Firstly, the segmentation results based on pretrained parameters are all better than those with random initialization; secondly, the average result of two networks based on CPMID 0.8117 is slightly better than that based on ImageNet 0.8104, but the difference is not significant. Segmentation is a more complex task than classification. Although CPMID has the advantage of a similar domain, ImageNet has the advantage in terms of quantity. Therefore, the results of pretrained parameters based on the two datasets are not significantly different. Nevertheless, we can still observe that the mIoU values achieved by CPMID pretrained method with Resnet50 are highly comparable with ImageNet pretrained method with Resnet101, despite the fact that the Resnet50 model has a much lower complexity than the Resnet101 model. Therefore, compared to pretrained models based on ImageNet, using a pretrained model based on CPMID can significantly reduce the time for training and inference while ensuring accuracy.

Discussion

ImageNet-pretrained models have been widely used in medical image analysis though there is an obvious domain gap between natural images and medical images. To the best of our knowledge, this is the first work to use multiple networks and different pretrained parameters to assess effective of transfer learning on small medical datasets comprehensively. In this study, the proposed dataset CPMID was first built by collection of several common open medical imaging datasets, which include various common radiological medical imaging modalities. We utilize the lesions and tissue organs contained within the images as category labels. The built progress of CPMID provides insights for the construction of medical imaging database with a large amount of dataset like ImageNet. This study conducted extensive experiments to evaluate the applicability and value of pretrained models on small-scale medical imaging datasets. In the assessment stage, a series of extensive classification and segmentation experiments were conducted on three other small medical image datasets, using three different training initialization methods and five different networks.

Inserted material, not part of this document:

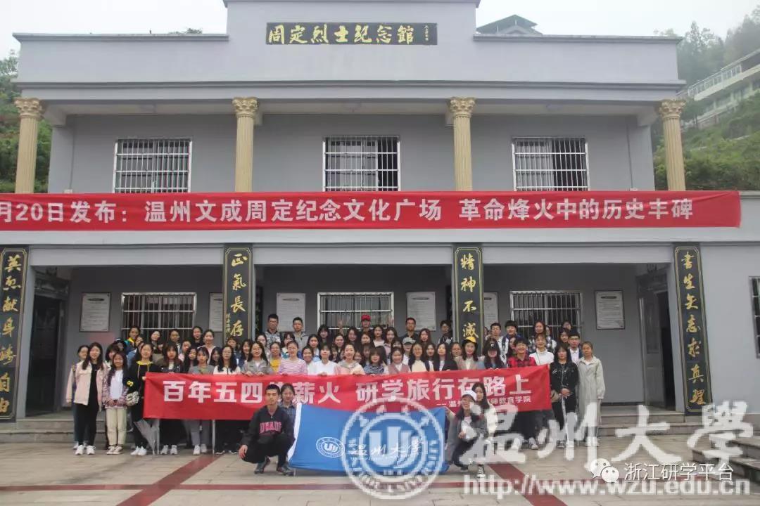 2019年4月27日,为纪念五四运动一百周年,深入学习五四精神。浙江省中小学生研学旅行研究与指导中心携手温州大学教师成人网站 、温州大学溯初学区走进文成县,开展以“百年五四传薪火,研学旅行在路上”为主题的研学旅行活动。此次研学活动由温州大学教师成人网站 学生科吴超智老师和何奔奔老师带队,研究生、本科生学生代表参加。
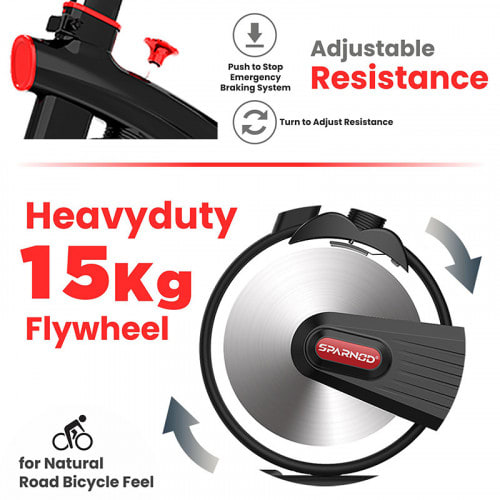 SSB-15 Heavy Duty 15Kg Flywheel Spin Bike. This flywheel spin bike is perfect for fitness enthusiasts who want a smooth, jerk-free pedaling motion like riding a bicycle outdoors. The belt-driven system provides a smoother and quieter ride, while the heavy-duty triangular frame ensures stability and durability. Plus, the 1-year Warranty.

By comparing the three training initialization methods in downstream tasks, we found that training from pretrained parameters is much better than from scratch on small medical datasets. Especially, utilizing pretrained parameters from CPMID achieved the best balance result in terms of performance and efficiency. Additionally, transfer learning based on CPMID pretrained parameters also offers better interpretability by heatmaps in the classification task. Hence, for small-scale medical image dataset, transfer learning should be utilized regardless of a classification or segmentation task, which is significantly better than starting training from scratch. For all tasks, the model training from CPMID pretrained parameters can yield highly satisfactory results when using simpler network architectures. For complex networks such as ViT and complex tasks such as segmentation, the use of ImageNet-based pretrained parameters is also beneficial.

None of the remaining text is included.